### MATERIAL FOR THIS TASK
———

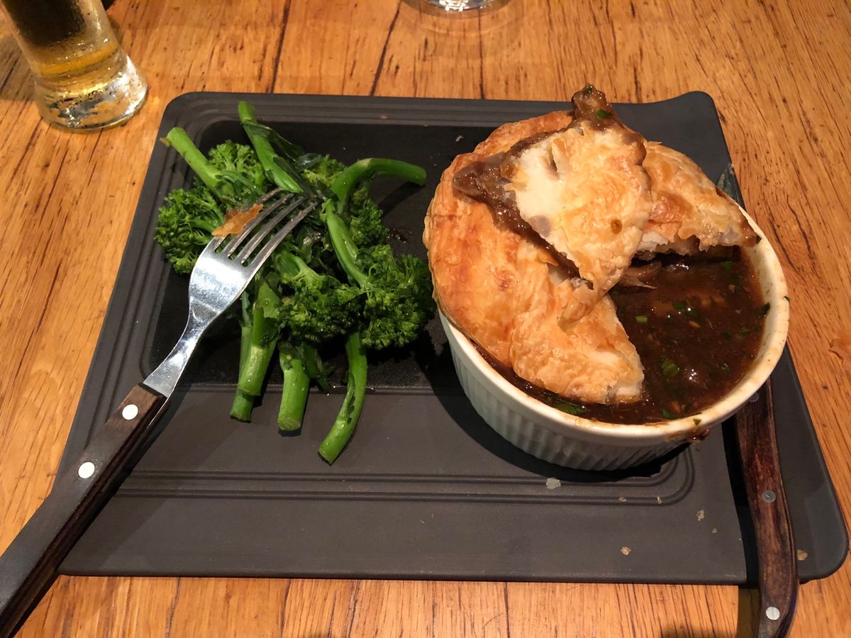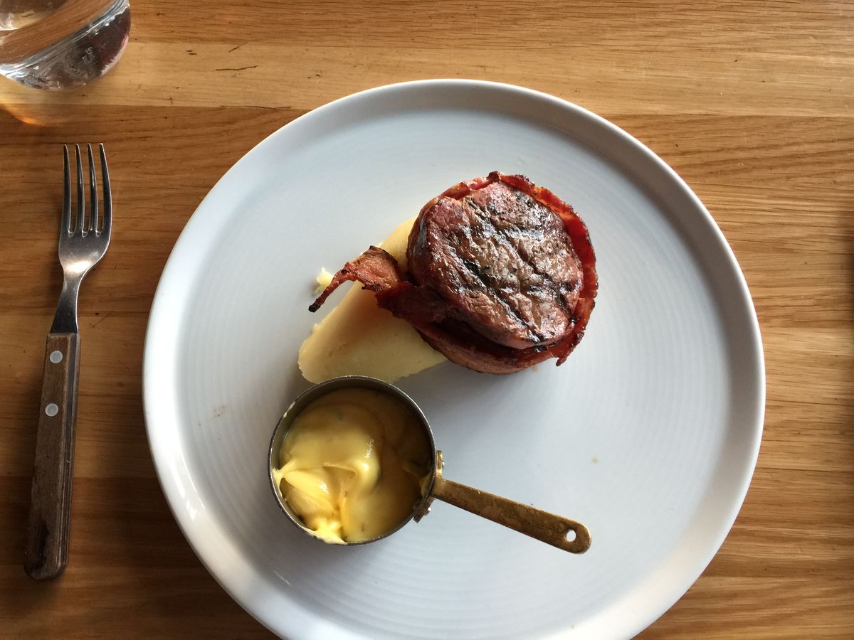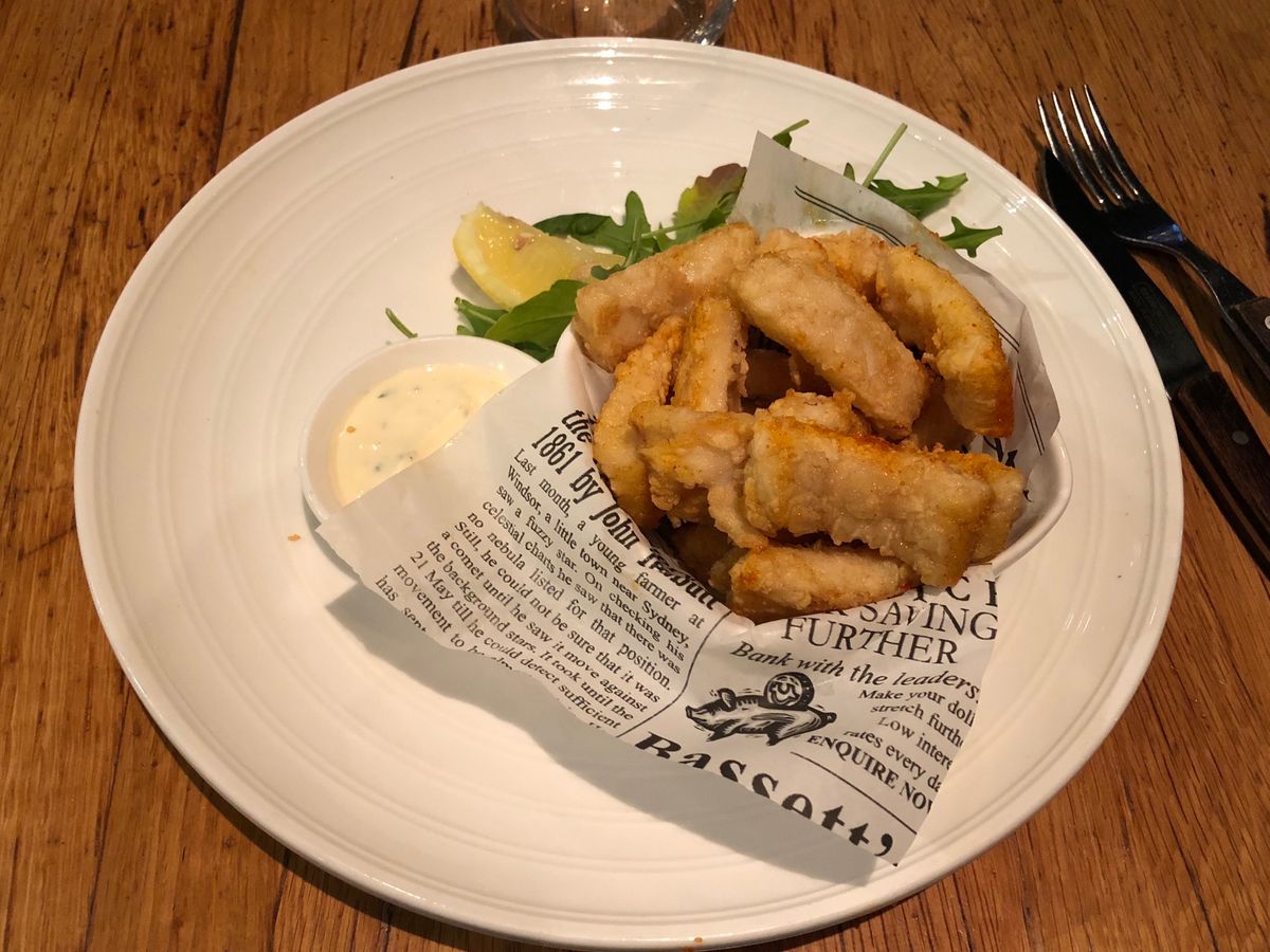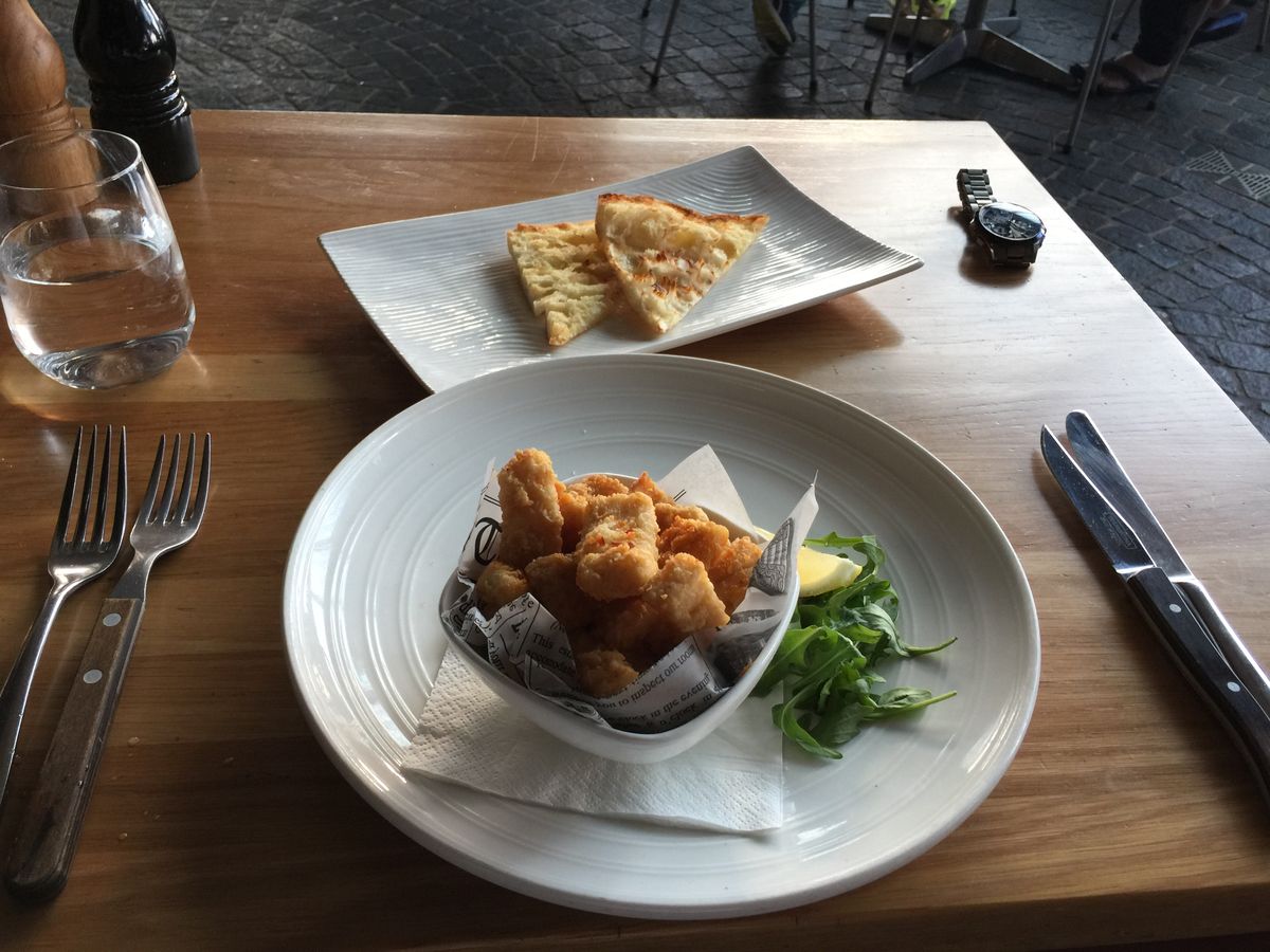 待ち時間もなく、美味しい料理をいただきました。パン、イカのフリッター、ステーキ、デザート、紅茶が出て、おなかいっぱいでした。
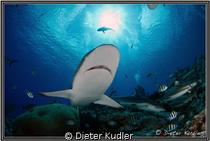 Vertigo is on the West Side of Yap Island. A wide shallow barrier reef drops at the breakers to about 5 meters and from there on it slops to about 15 meters to finally break into a wall. The reef has deep cuts, similar to rivers. The structures are stone corals. Vertigo is famous for it's sharks. Dominant are grey reef sharks and black-tip reef sharks. Occasionally we have hammerheads, sivertips and we had a tiger. Current on full/new moon, otherwise very calm. Extremely clear visibility 30+ meters. Very nice and exciting dive site for sharks. We offer shark feedings on the site and have up to 35 sharks at the time there - find more on our web site
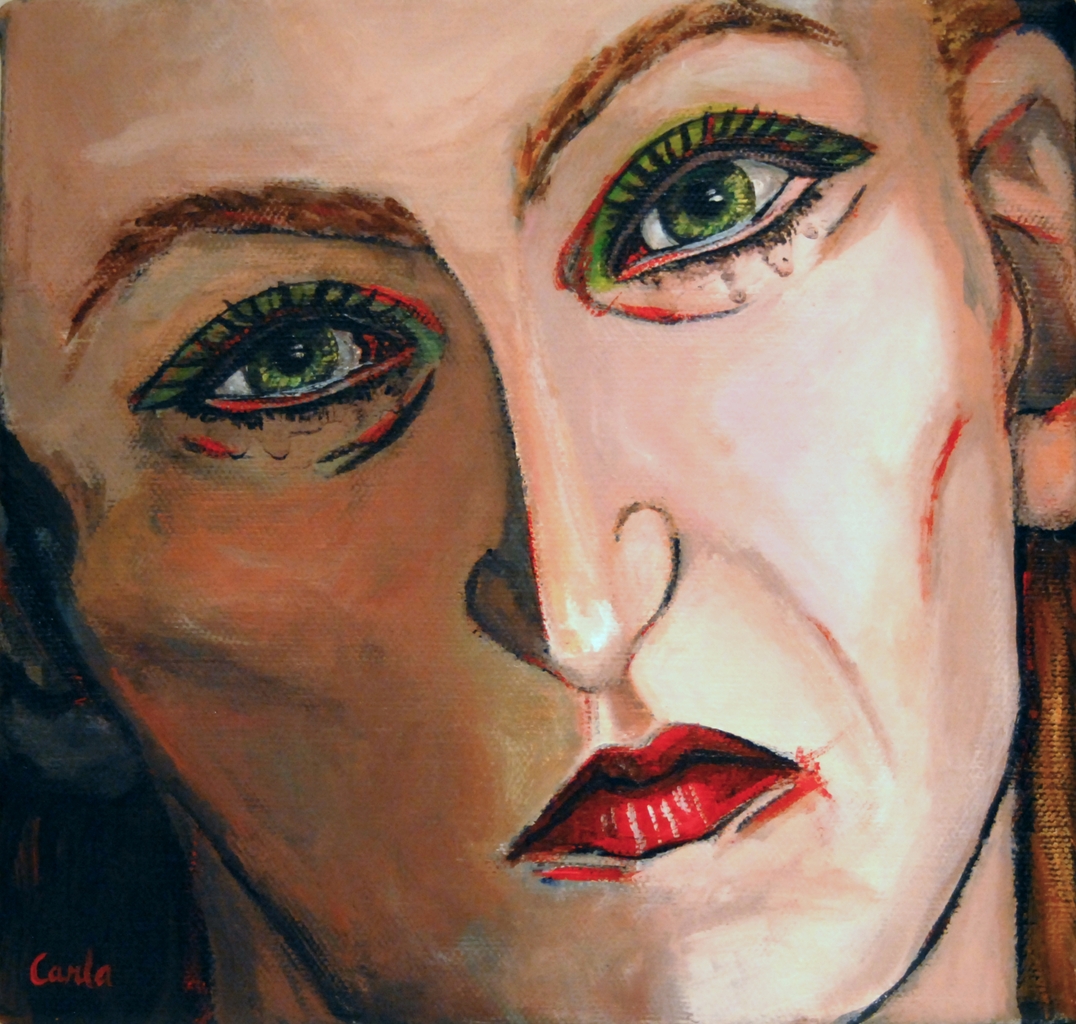 Rood Zwart Portret Gezicht Verdriet Zelfportret Lijnen Sober Close-up Zwaarmoedigheid
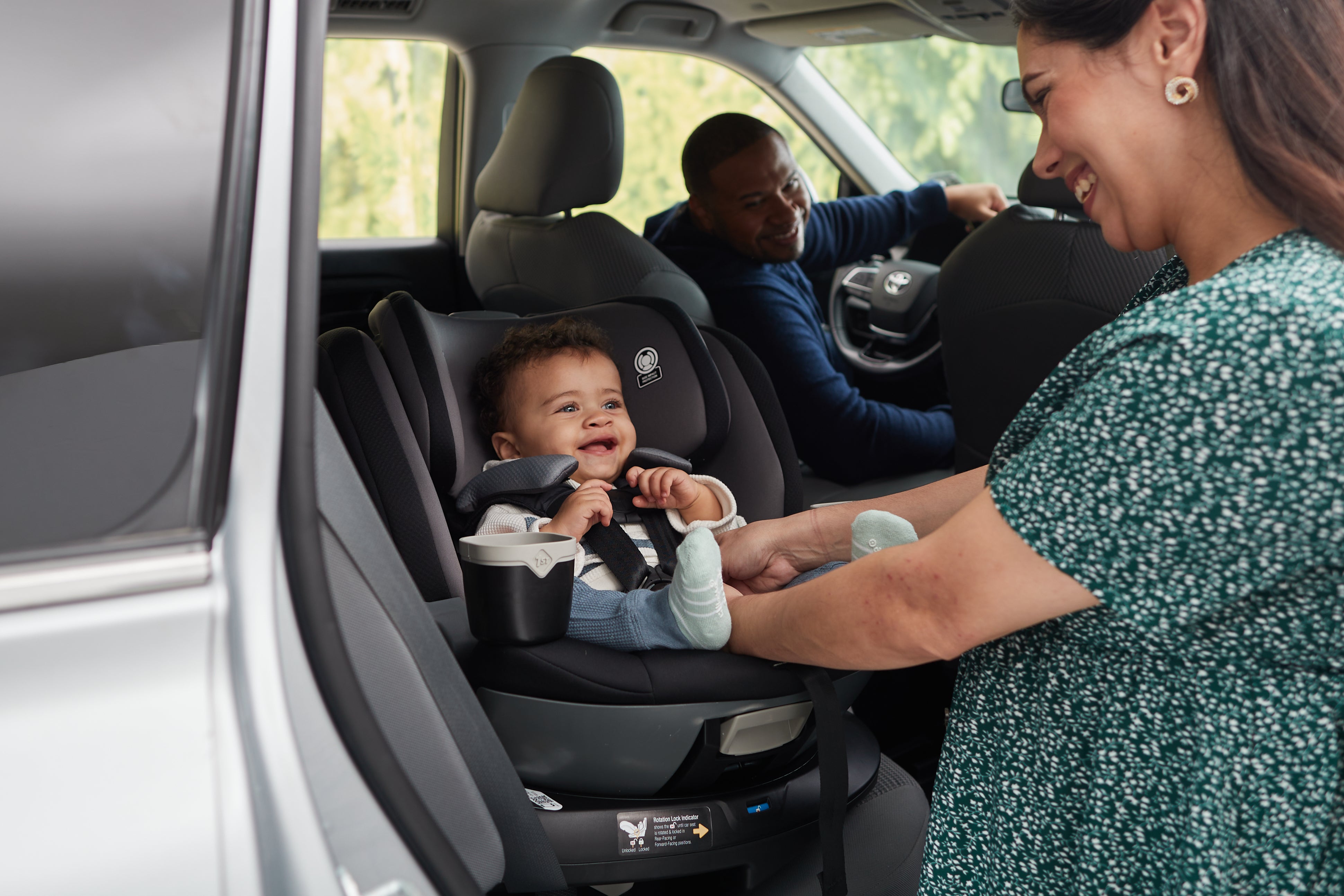 The Turn and Go 360° Rotating Convertible All-in-One Car Seat is designed with our innovative SafetySwivel™ 360° rotational technology, which lets you turn the rotating car seat toward you, bringing you face-to-face with your little one. This makes buckling and transferring your child in and out of the seat easier than ever and puts less strain on your back.
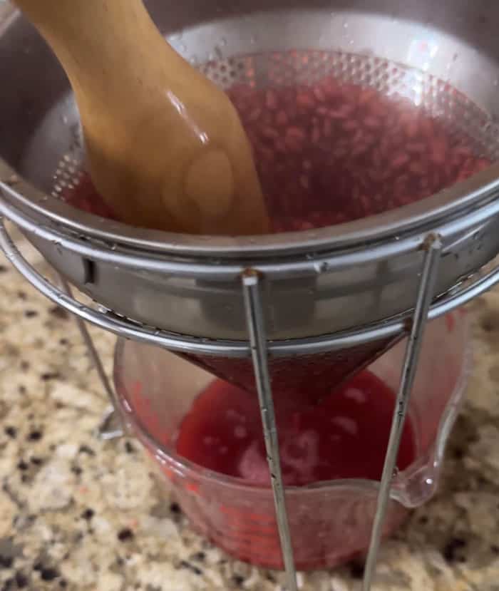 2. Chinois strainer – The most important kitchen tool you’ll need for this pomegranate molasses recipe is a chinois strainer with a pointed wooden pestle and stand (like this one on Amazon).
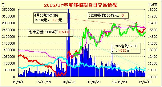 4月18日隔夜鄭棉CF1709合約上漲,今日早盤在多頭買盤推動下沖高,隨后高位震蕩,日線形成陽線。日內(nèi)成交量放大,持倉量增加?;久媲闆r:現(xiàn)貨價格相對穩(wěn)定,棉花現(xiàn)貨市場調(diào)整,內(nèi)地庫3128級公定價15600-16200元/噸左右,受碼值強力等影響有一定差距,兵團(tuán)價格高300-500元/噸。新疆站臺3129/30級機采棉價格在15400-15600元/噸毛重,部分質(zhì)優(yōu)中期棉價格堅挺,略有惜售,整體市場棉花庫存消化緩慢。
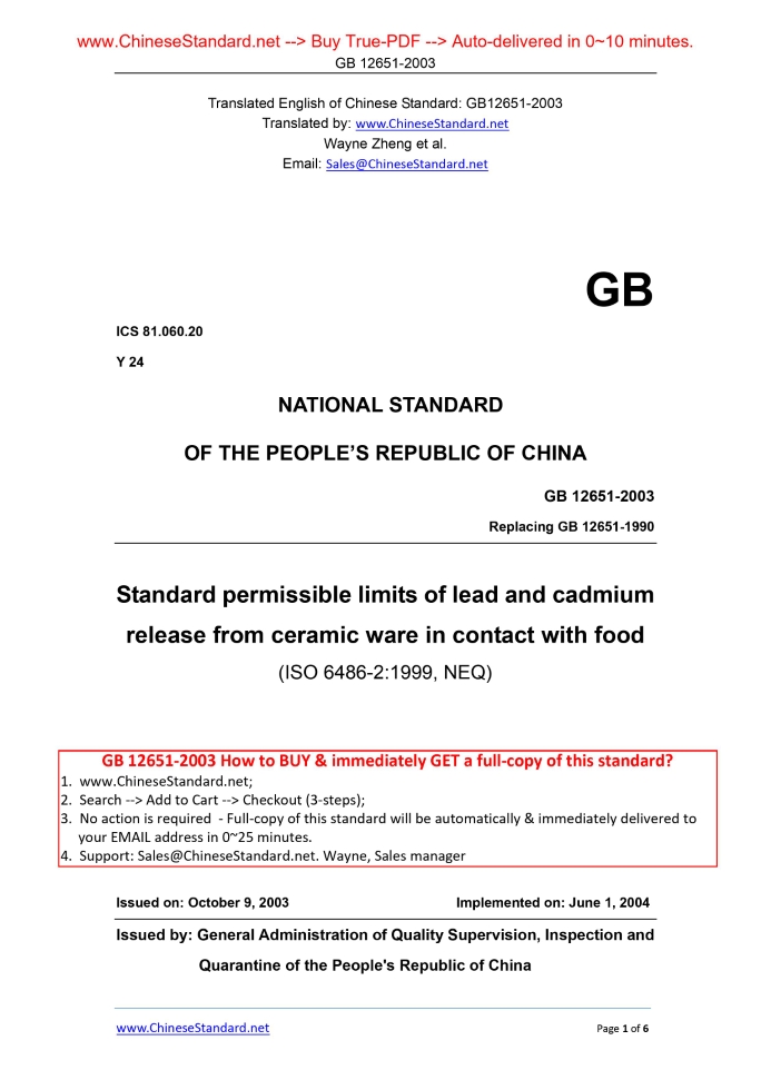 GB 12651-2003: Standard permissible limits of lead and cadmium release from ceramic ware in contact with food Delivery: 9 seconds. True-PDF full-copy in English & invoice will be downloaded + auto-delivered via email. See step-by-step procedure Status: Obsolete GB 12651: Historical versions
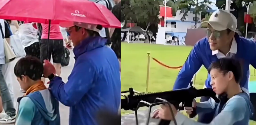 驻港部队军营向公众敞开大门,吸引众多香港市民前来观摩。霍启刚父子身着同色系休闲装低调现身,蓝色外套搭配黑色长裤的简约装扮与普通市民无异。当天霍中曦还在军营体验了握枪,姿势帅气标准,霍启刚在一旁微笑观看。
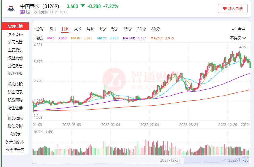 从估值上看,相比于港股同行,中国春来市值处于中等水平,约为43.2亿港元,市盈率(TTM)约为6.88倍,从盘面看,该股成交额近10个交易日有所萎缩,几乎在50-120万港元,活跃度下降。
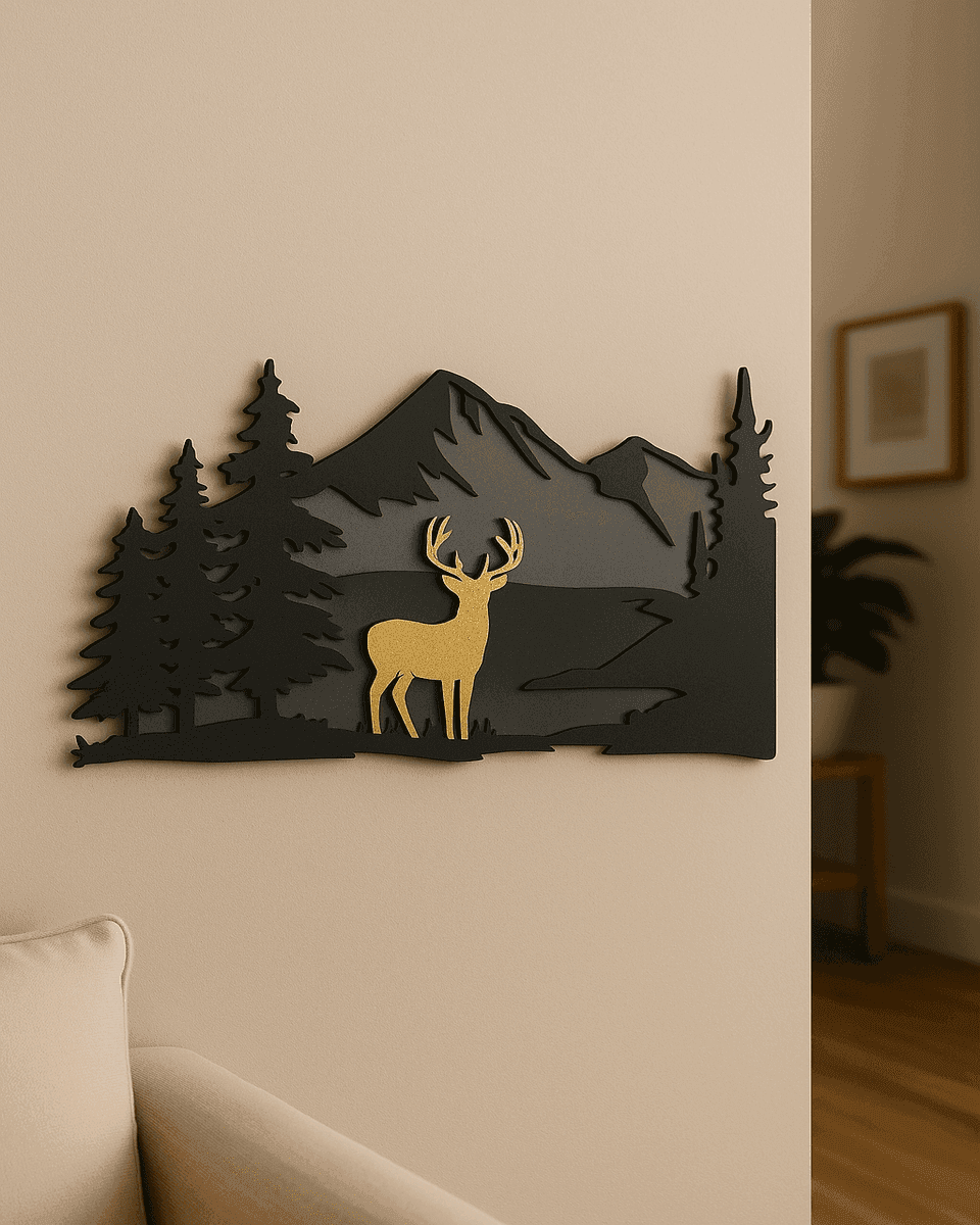 The combination of matte black trees and mountains with a gold-finished deer centerpiece creates a stunning contrast that enhances any room’s aesthetic. The layered design gives the artwork a sense of depth, while the subtle gold detailing adds sophistication and warmth.

———

### WHAT THE TASK ASKS
Since only the text is needed, retype the data above exactly and omit the pictures.

### COMPLETED TASK
 待ち時間もなく、美味しい料理をいただきました。パン、イカのフリッター、ステーキ、デザート、紅茶が出て、おなかいっぱいでした。
 Vertigo is on the West Side of Yap Island. A wide shallow barrier reef drops at the breakers to about 5 meters and from there on it slops to about 15 meters to finally break into a wall. The reef has deep cuts, similar to rivers. The structures are stone corals. Vertigo is famous for it's sharks. Dominant are grey reef sharks and black-tip reef sharks. Occasionally we have hammerheads, sivertips and we had a tiger. Current on full/new moon, otherwise very calm. Extremely clear visibility 30+ meters. Very nice and exciting dive site for sharks. We offer shark feedings on the site and have up to 35 sharks at the time there - find more on our web site
 Rood Zwart Portret Gezicht Verdriet Zelfportret Lijnen Sober Close-up Zwaarmoedigheid
 The Turn and Go 360° Rotating Convertible All-in-One Car Seat is designed with our innovative SafetySwivel™ 360° rotational technology, which lets you turn the rotating car seat toward you, bringing you face-to-face with your little one. This makes buckling and transferring your child in and out of the seat easier than ever and puts less strain on your back.
 2. Chinois strainer – The most important kitchen tool you’ll need for this pomegranate molasses recipe is a chinois strainer with a pointed wooden pestle and stand (like this one on Amazon).
 4月18日隔夜鄭棉CF1709合約上漲,今日早盤在多頭買盤推動下沖高,隨后高位震蕩,日線形成陽線。日內(nèi)成交量放大,持倉量增加?;久媲闆r:現(xiàn)貨價格相對穩(wěn)定,棉花現(xiàn)貨市場調(diào)整,內(nèi)地庫3128級公定價15600-16200元/噸左右,受碼值強力等影響有一定差距,兵團(tuán)價格高300-500元/噸。新疆站臺3129/30級機采棉價格在15400-15600元/噸毛重,部分質(zhì)優(yōu)中期棉價格堅挺,略有惜售,整體市場棉花庫存消化緩慢。
 GB 12651-2003: Standard permissible limits of lead and cadmium release from ceramic ware in contact with food Delivery: 9 seconds. True-PDF full-copy in English & invoice will be downloaded + auto-delivered via email. See step-by-step procedure Status: Obsolete GB 12651: Historical versions
 驻港部队军营向公众敞开大门,吸引众多香港市民前来观摩。霍启刚父子身着同色系休闲装低调现身,蓝色外套搭配黑色长裤的简约装扮与普通市民无异。当天霍中曦还在军营体验了握枪,姿势帅气标准,霍启刚在一旁微笑观看。
 从估值上看,相比于港股同行,中国春来市值处于中等水平,约为43.2亿港元,市盈率(TTM)约为6.88倍,从盘面看,该股成交额近10个交易日有所萎缩,几乎在50-120万港元,活跃度下降。
 The combination of matte black trees and mountains with a gold-finished deer centerpiece creates a stunning contrast that enhances any room’s aesthetic. The layered design gives the artwork a sense of depth, while the subtle gold detailing adds sophistication and warmth.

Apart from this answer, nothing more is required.